I use sitemeter. I find it very, very addictive. Site meter tells me who referred me to my visitors, and I've found new blogs by visiting the referring pages. The "which search word let to your website" function is a paid service, but I can easily find out what the search word was by looking at the referring pages, since it includes the search engine URL in its entirety with the search word right in it. Very addictive.

Molly said...

I started with Sitemeter, but in the past couple of months, I've added StatCounter and will soon cancel my Sitemeter account. StatCounter offers tons of tracking information--for free--and has been very reliable.

BBQ Junkie said...

thanks for the tip. i reviewed statcounter and it was much better than what i had been using for the last month, extremetracking. statcounter is so easy to use and no mandatory ugly logo to be placed on your blog.

Anonymous said...

It might be interesting to use a bunch, and compare their numbers. I've seen various people comment that they see different numbers from different monitoring tools.

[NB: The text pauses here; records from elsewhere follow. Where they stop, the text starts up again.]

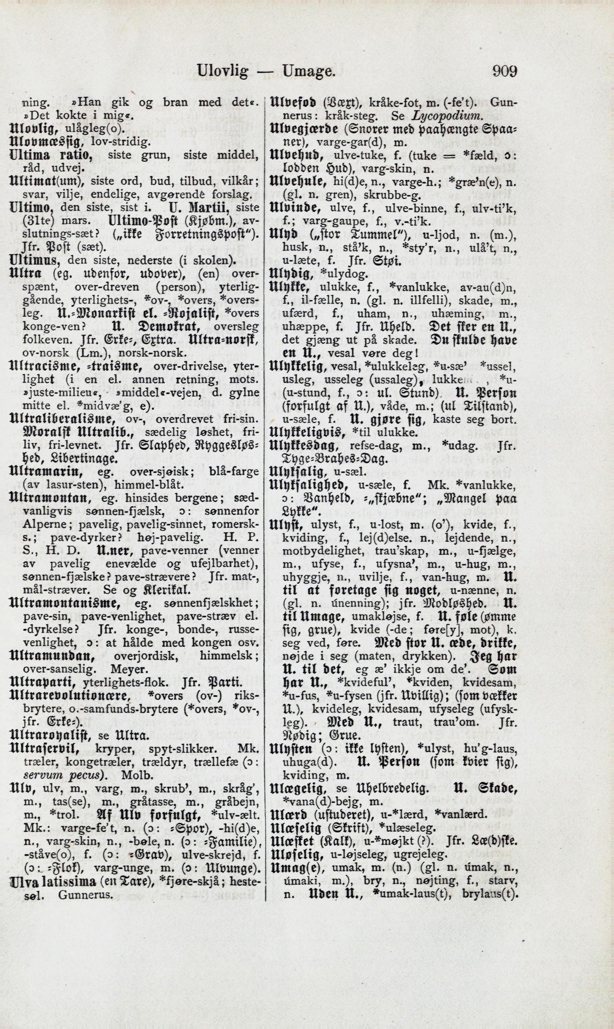 Ulvinde, ulve, f., ulve-dinne, f., ulv-ti’ll,
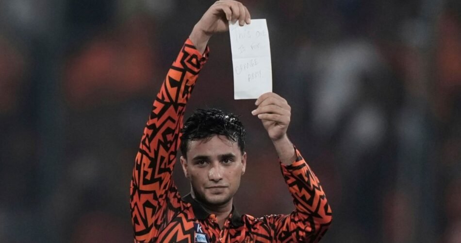 Abhishek Sharma of SunRisers Hyderabad scored his maiden IPL century in a spectacular fashion against Punjab Kings. He reached the milestone in just 40 balls, becoming the sixth fastest century scorer in IPL history. After completing his century, Sharma displayed a white paper with the message “This one is for the Orange Army,” referring to the SRH fanbase. Punjab Kings captain Shreyas Iyer was intrigued by the message and approached Sharma to read it.
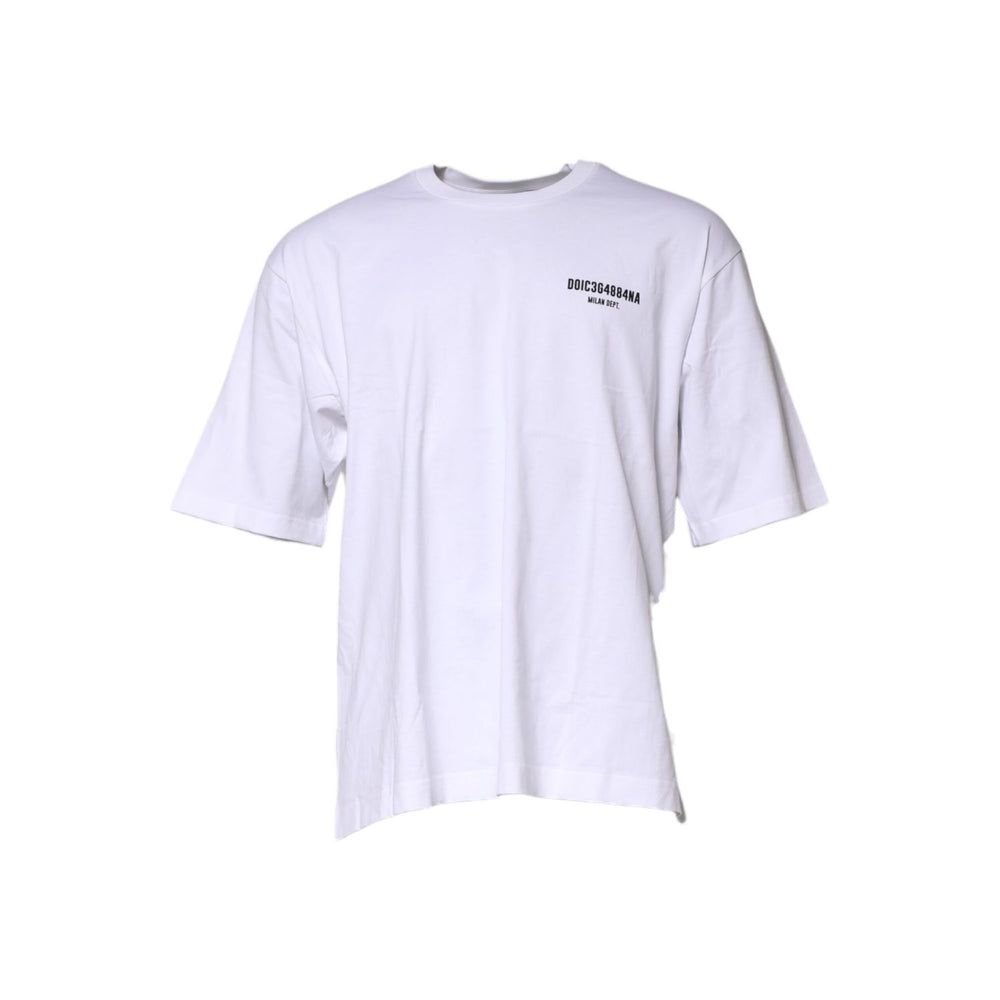 Dolce & Gabbana White Cotton Logo Print Crew Neck T-shirt
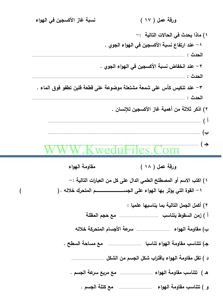 اوراق عمل مهمة في مادة العلوم - إعداد: ابراهيم علي

Since I host my own site, my ISP provides a number-tracking service that tracks unique visitors, actual pageviews, "hits" (actual downloads, one for each picture), and data transferred (which is how they bill me). It seems reliable, but their "unique visitors in a month" is clearly just the sum of each day's totals. If someone visits me once a day, they count 30 times for the monthly total. I wonder how many others do that.

Sam said...

great idea derrick - i was beginning to think that myself. I'll start adding them all on when I can grab a spare moment.

Hopefully, I will be able to share the passwords or make them public so we can all look at them for the purposes of comparison and discuss them further in the future.

noizy said...

I use and would recommend both statcounter and sitemeter.

Owen said...

Derrick - good comment - I actually also have my own ISPs stats tracking (in two forms since they have two forms) so I do get a good degree of feedback regarding accuracy and tracking - all three methods pretty much agree as to the numbers which is one of the reasons I like onestat - also they do very nice charts that I like.

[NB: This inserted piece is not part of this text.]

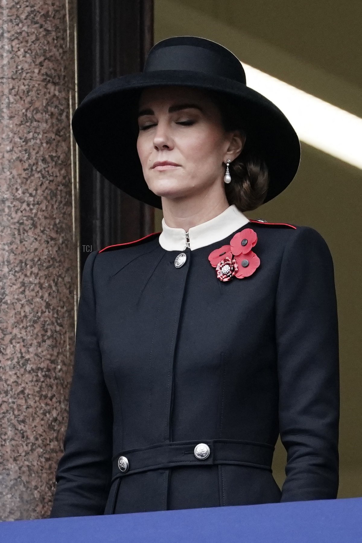 The Duchess of Cambridge wore the Collingwood Pearl Earrings, a legacy from Diana, Princess of Wales, for the service. She also wore the earrings for the Festival of Remembrance the night before. With her paper poppies, she wore a crystal poppy pin, part of a range sold by the Royal British Legion (the same organization that produces and sells the paper poppies).
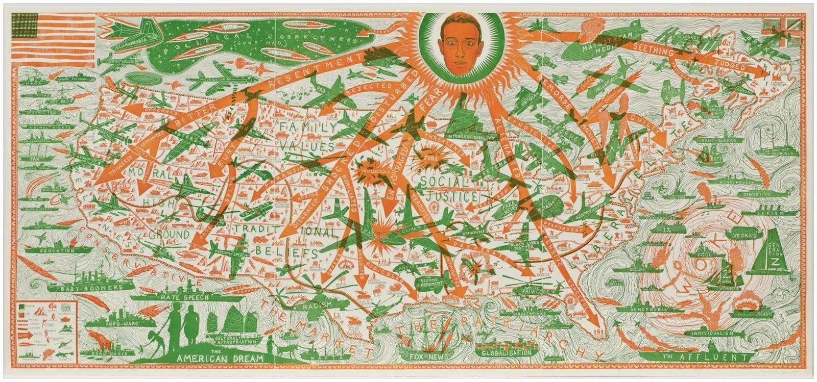 I saw some beautiful prints in the editions area. At Paragon Press out of London, there was an apocalyptic Grayson Perry etching, The American Dream, illustrating a map of the United States being attacked with an intricate array of battleships, airplanes, helicopters, zeppelins, and missiles, representing the present-day culture war taking place online through social media and advertising. It adequately portrays the inside of my brain every day for the past few years. Tamarind Institute, based in Albuquerque, New Mexico, featured a radiant twelve-color lithograph by Los Angeles-based artist Jarvis Boyland. His intimate portraits of queer Black men in domestic settings explore the complexities of identity. Stippled with deconstructed anxiety, his conveyance of flesh, pattern, and environment rattles like an alluring sea of flicker discs.

You are limited as to the reports you can get out in the free version and can pay if you want more.

By the way, you might also want to do something here on ISPs and paid hosting versus free ala blogspot etc.

Then there are design and template issues and all that stuff. I know my blog is plug-ugly, but I can't design to save my life. What it IS though is flexible, works well with multiple browsers and stays readable even on pretty small screens.

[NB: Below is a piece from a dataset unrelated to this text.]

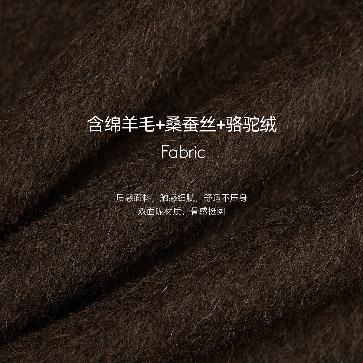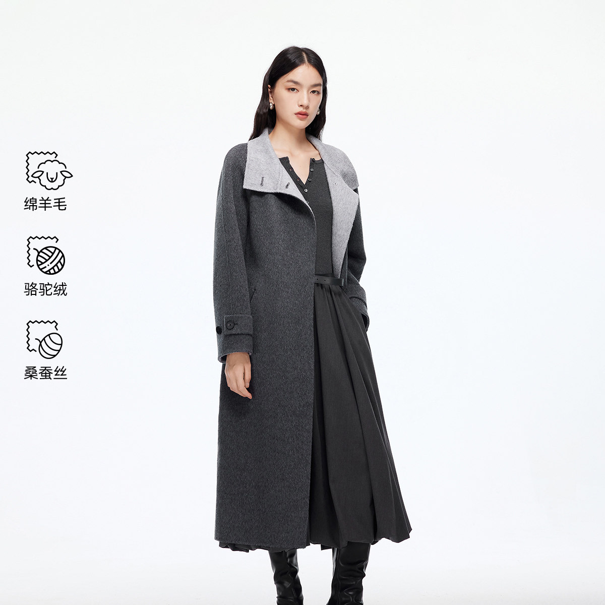 RUISHI芮时重磅驼绒桑蚕丝羊毛慵懒两穿领灰色毛呢大衣秋冬外套女

Oh yeah - adding google search - some blog platforms have it built in I know, but there are a few little hacks you can do to make the free google site search work out a bit better.

Another possible topic is XML/RSS feeds.

Owen said...

OK - I have to check out the stat counter recommendation - they look awfully detailed - I think I'll try them out head to head for a while.

Owen

Anonymous said...

I'm using StatCounter too and I heartily recommend it.

Anonymous said...

There are two key items about stat services that need to be addressed.

Most stat services do NOT count:

1) Direct Accesses (i.e. folks who actally type out the http address or folks who have your site bookmarked).

2) Syndication reads (i.e. folks who read your site via a newsreader of sorts).

The culmination of these readers can equal or even exceed the numbers that services such as SiteMeter give you.

Owen said...

OneStat actually does break the direct accesses out and you can often infer the syndication stuff (by looking at IP addresses)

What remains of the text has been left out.